#### What needs to be done
Print all of the data exactly, but drop the pictures.

....................

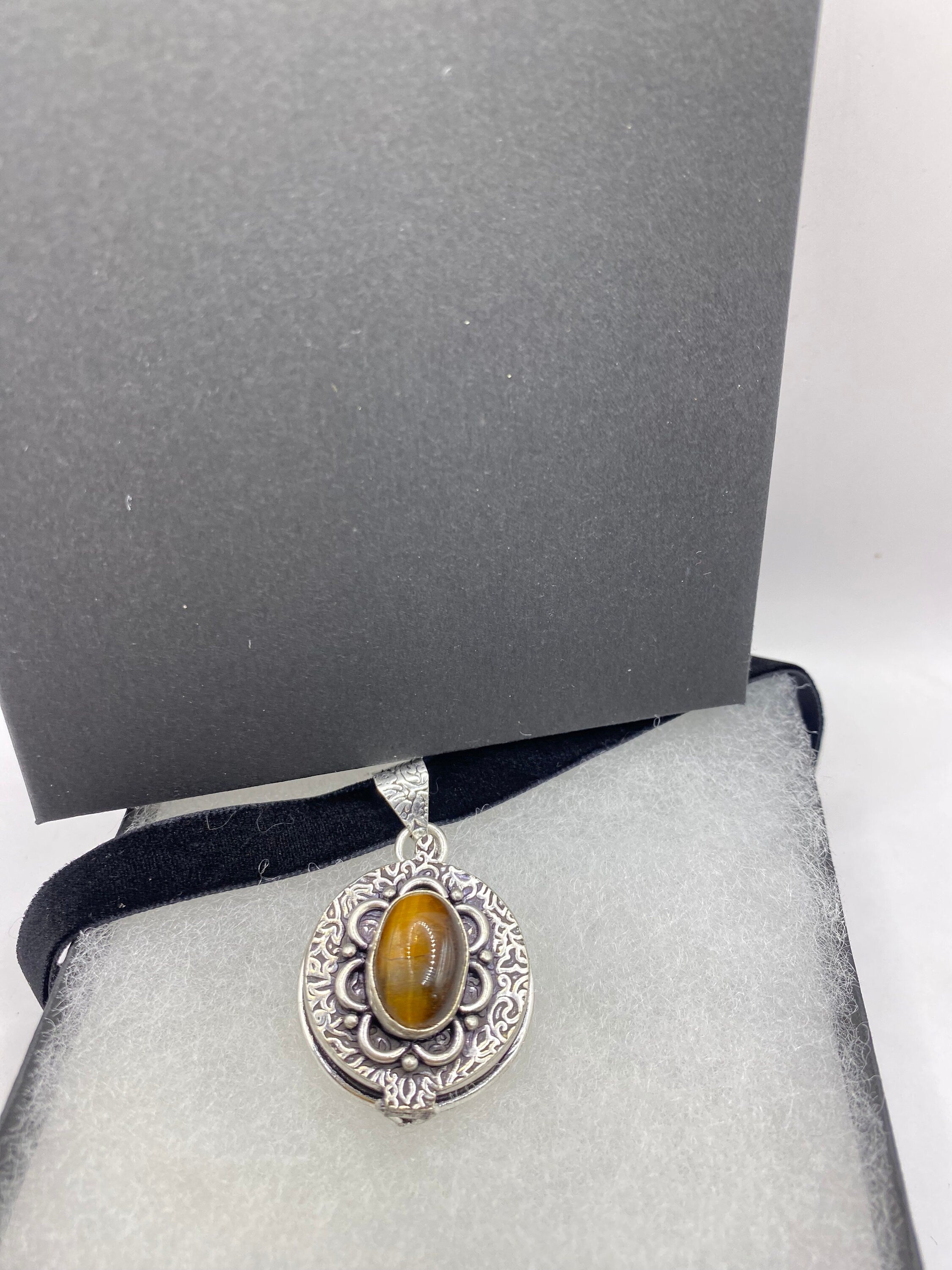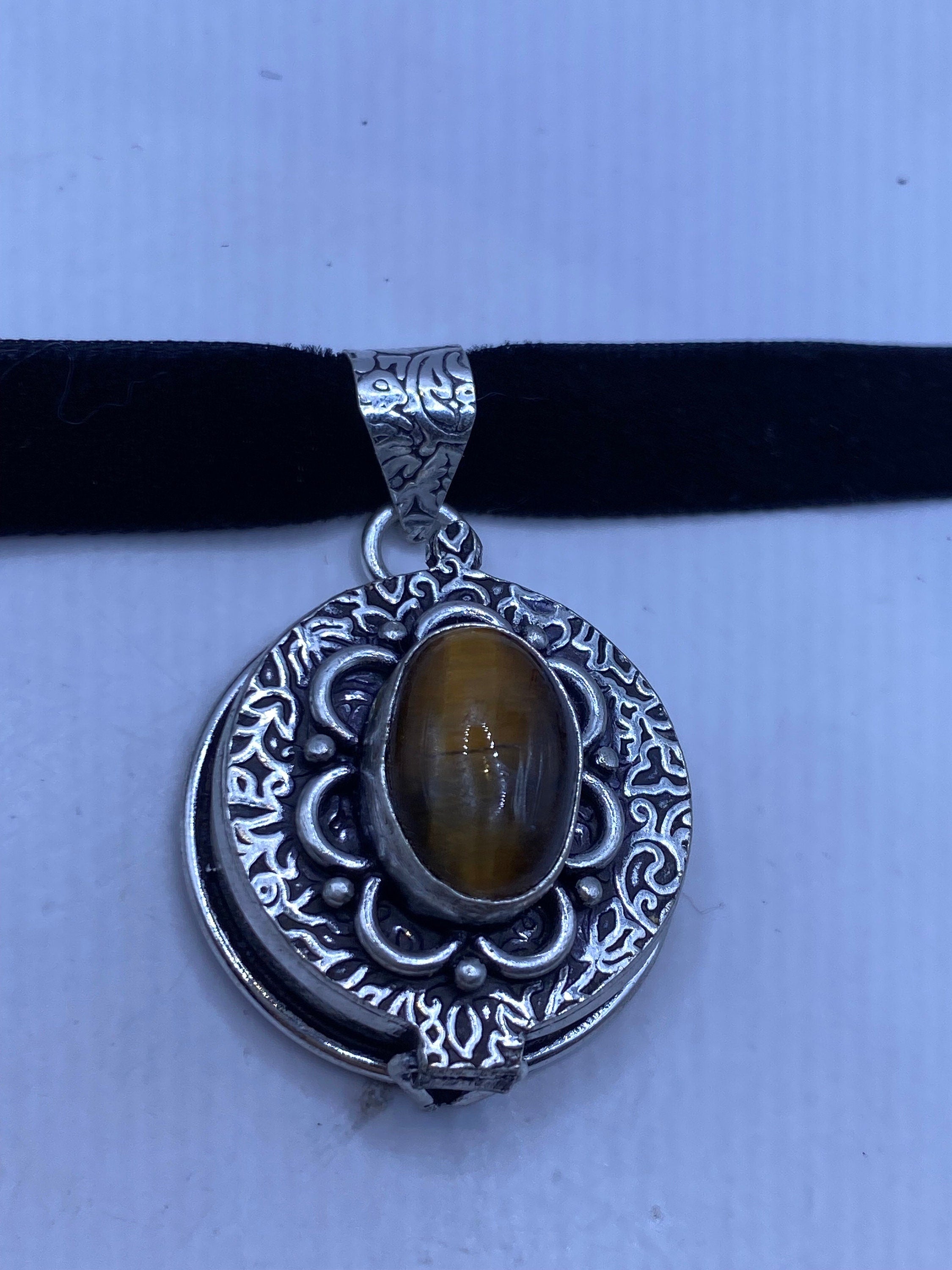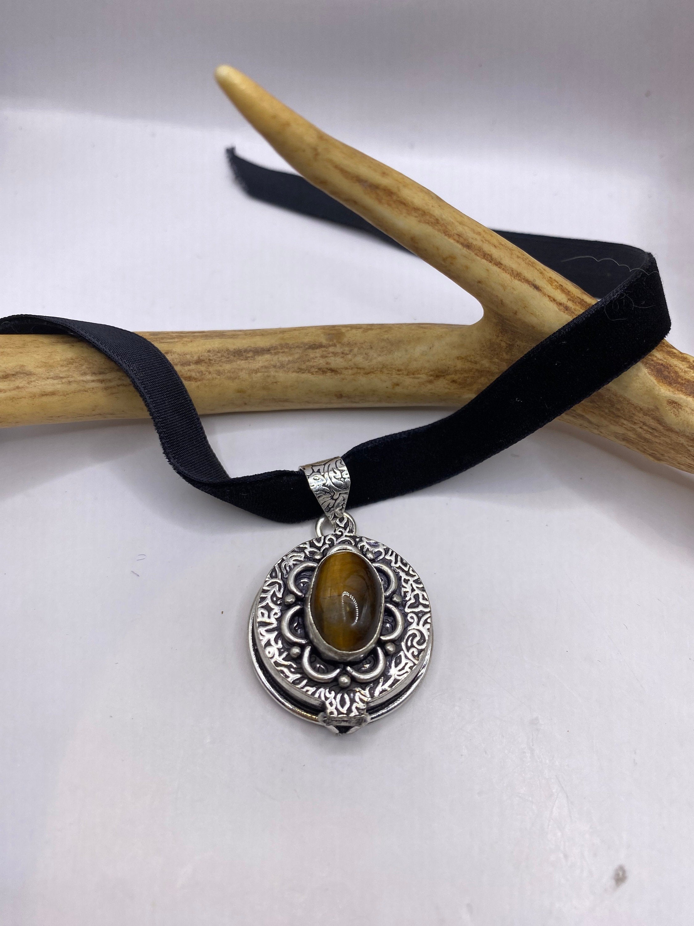 Vintage Poison Pillbox Velvet Choker Locket - Silver, White Bronze, Tigers Eye, Antique Design, Necklace
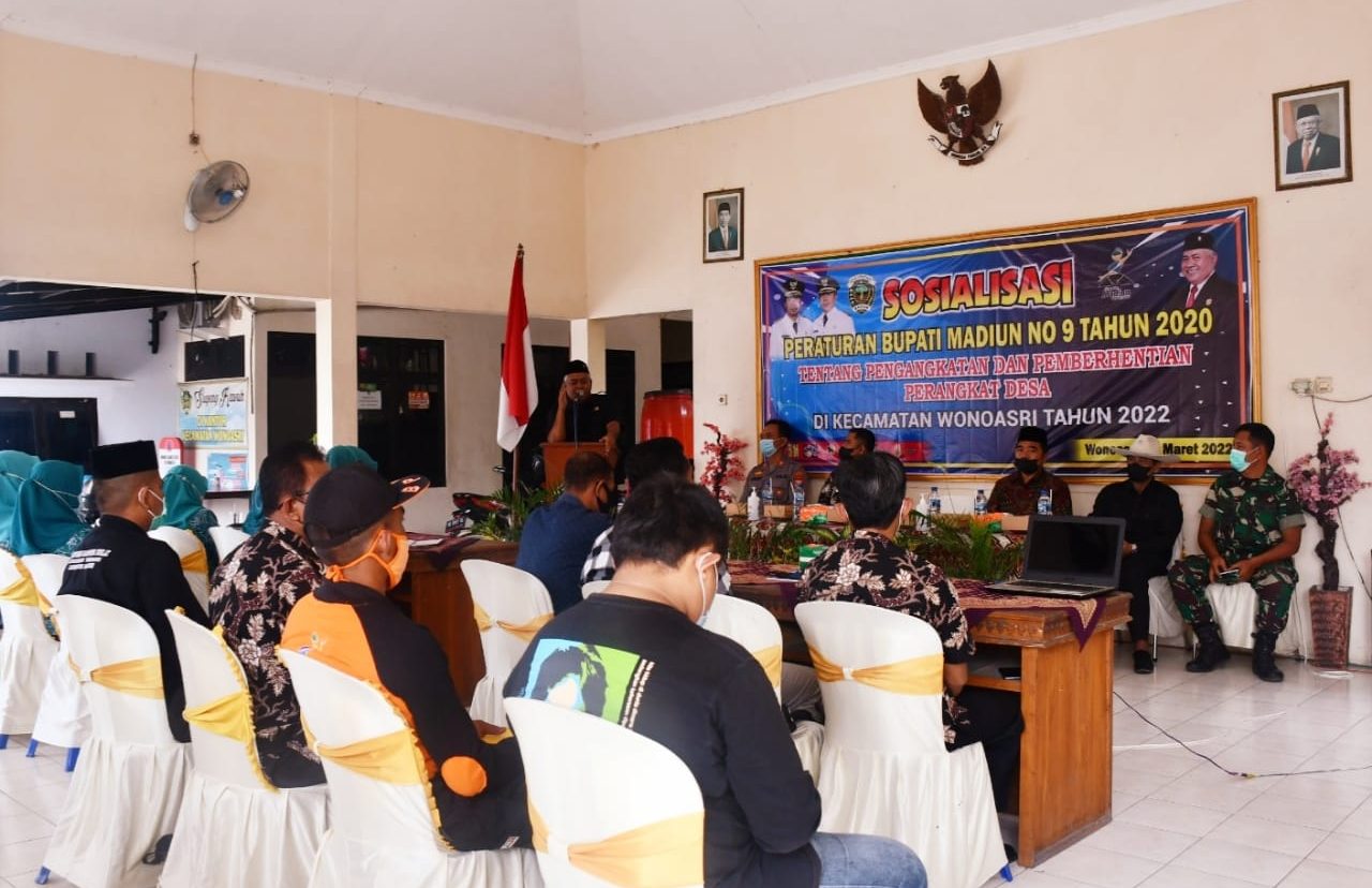 Kegiatan ini dihadiri juga oleh Kepala Desa, perwakilan BPD, perangkat desa , organisasi pencaksilat, tokoh pemuda dan ibu-ibu PKK se-Kecamatan Wonoasri. Adapun tujuan diselenggarakannya kegiatan sosialisasi ini adalah memberikan pengetahuan kepada aparat Pemerintahan Desa tentang Peraturan Bupati Madiun nomor 9 tahun 2020 dalam pengangkatan dan pemberhentian perangkat desa guna memberikan pelayanan terbaik bagi masyarakat dalam mewujudkan pemerataan pembangunan nasional.
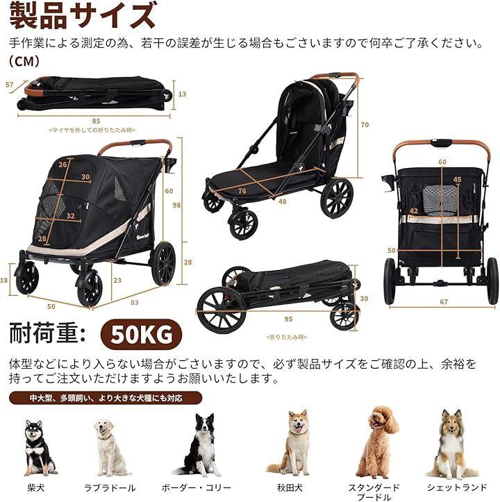 「商品仕様」大型犬 カート展開サイズ(約):長83cm x 前幅50cm/後幅67cm x 高さ98cm 収納サイズ(約):長さ95cmx幅67cmx高さ30cm(折りたたみ方法(2)で僅か13cm) 本体フレーム:合金鋼 生地:600D防水オックスフォード布 車輪直径:前輪18cm、後輪28cm 車輪素材:EVA+PU 本体重量(約):9.3KG 耐荷重(約)50KG 中大型・多頭飼い・老犬介護向け 合金鋼スチール製フレームと丈夫な生地で作られた一品です。
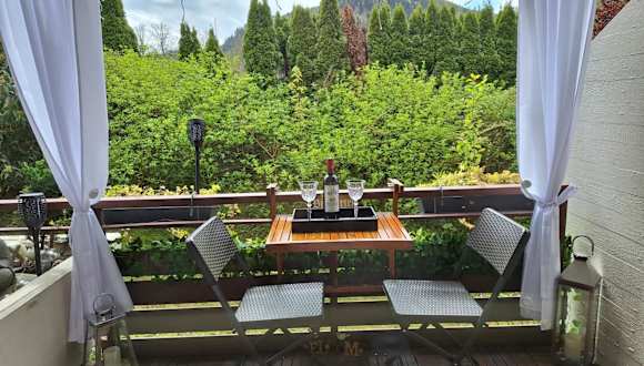 Die Ferienwohnung verfügt über ein Schlafzimmer, ein Badezimmer sowie eine voll ausgestattete Küche. Zur Einrichtung gehören Bettwäsche, Handtücher und ein Flachbild-TV mit Kabelkanälen. Zudem bietet die Unterkunft einen Essbereich und einen Balkon mit Blick auf die Berge.
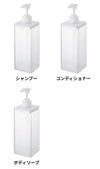 シャンプー、コンディショナー、ボディソープの3種展開。ボトルの印字もさりげなく主張しすぎないのがポイントです。
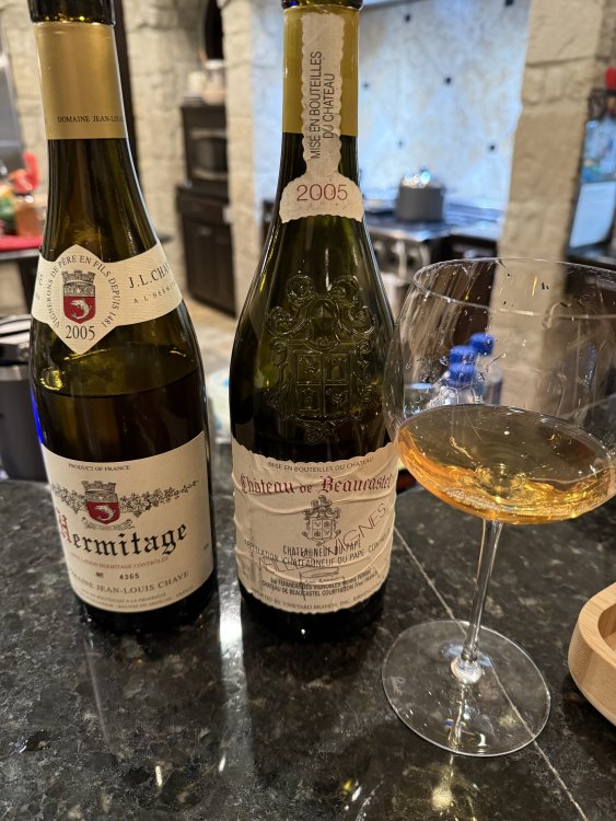 I’m not sure how to put this except the Rousseau exceeded my expectations and was one of the best wines I’ve ever had. The price has always turned me off but I had a special occasion and found a reasonable deal and went for it. I’ll do it again. It was that good. I’ve had a lot of Leflaive but that 2005 was outstanding. Youthful, vibrant, and focused. I have no idea how long that stuff may last, but it had another 10-15 years at least. With that said it might be at its peak. Hell if I know I haven’t had any 30 yr old Leflaives to compare it to. But if you come across one, don’t hesitate. Consistently the best white burgundy made, in my opinion, of course. The Rayas was also sensational. I’ve been fortunate to have had a few of these over the years and there’s never been a bad one. Especially if you’re into the white Rhônes.
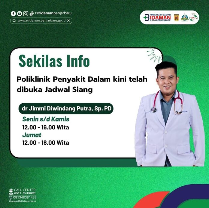 Link, Banjarbaru- Angka kunjungan pada Poliklinik Penyakit Dalam Rumah Sakit Daerah (RSD) Idaman Kota Banjarbaru, yang terhitung tinggi. Kini, Poliklinik Penyakit Dalam membuka layanan pada siang hari.
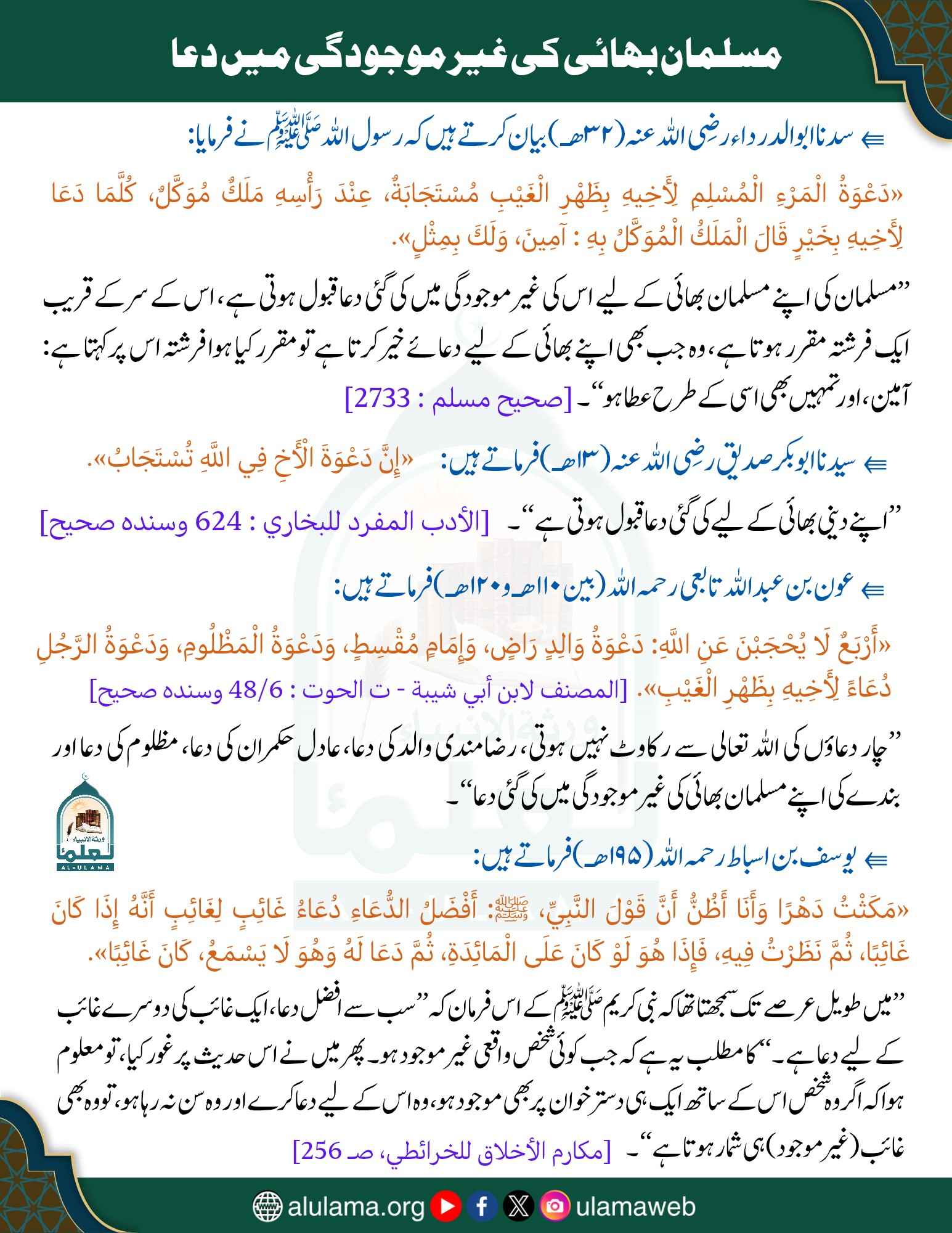 مسلمان بھائی کی غیر موجودگی میں دعا

....................

#### Answer
 Vintage Poison Pillbox Velvet Choker Locket - Silver, White Bronze, Tigers Eye, Antique Design, Necklace
 Kegiatan ini dihadiri juga oleh Kepala Desa, perwakilan BPD, perangkat desa , organisasi pencaksilat, tokoh pemuda dan ibu-ibu PKK se-Kecamatan Wonoasri. Adapun tujuan diselenggarakannya kegiatan sosialisasi ini adalah memberikan pengetahuan kepada aparat Pemerintahan Desa tentang Peraturan Bupati Madiun nomor 9 tahun 2020 dalam pengangkatan dan pemberhentian perangkat desa guna memberikan pelayanan terbaik bagi masyarakat dalam mewujudkan pemerataan pembangunan nasional.
 「商品仕様」大型犬 カート展開サイズ(約):長83cm x 前幅50cm/後幅67cm x 高さ98cm 収納サイズ(約):長さ95cmx幅67cmx高さ30cm(折りたたみ方法(2)で僅か13cm) 本体フレーム:合金鋼 生地:600D防水オックスフォード布 車輪直径:前輪18cm、後輪28cm 車輪素材:EVA+PU 本体重量(約):9.3KG 耐荷重(約)50KG 中大型・多頭飼い・老犬介護向け 合金鋼スチール製フレームと丈夫な生地で作られた一品です。
 Die Ferienwohnung verfügt über ein Schlafzimmer, ein Badezimmer sowie eine voll ausgestattete Küche. Zur Einrichtung gehören Bettwäsche, Handtücher und ein Flachbild-TV mit Kabelkanälen. Zudem bietet die Unterkunft einen Essbereich und einen Balkon mit Blick auf die Berge.
 シャンプー、コンディショナー、ボディソープの3種展開。ボトルの印字もさりげなく主張しすぎないのがポイントです。
 I’m not sure how to put this except the Rousseau exceeded my expectations and was one of the best wines I’ve ever had. The price has always turned me off but I had a special occasion and found a reasonable deal and went for it. I’ll do it again. It was that good. I’ve had a lot of Leflaive but that 2005 was outstanding. Youthful, vibrant, and focused. I have no idea how long that stuff may last, but it had another 10-15 years at least. With that said it might be at its peak. Hell if I know I haven’t had any 30 yr old Leflaives to compare it to. But if you come across one, don’t hesitate. Consistently the best white burgundy made, in my opinion, of course. The Rayas was also sensational. I’ve been fortunate to have had a few of these over the years and there’s never been a bad one. Especially if you’re into the white Rhônes.
 Link, Banjarbaru- Angka kunjungan pada Poliklinik Penyakit Dalam Rumah Sakit Daerah (RSD) Idaman Kota Banjarbaru, yang terhitung tinggi. Kini, Poliklinik Penyakit Dalam membuka layanan pada siang hari.
 مسلمان بھائی کی غیر موجودگی میں دعا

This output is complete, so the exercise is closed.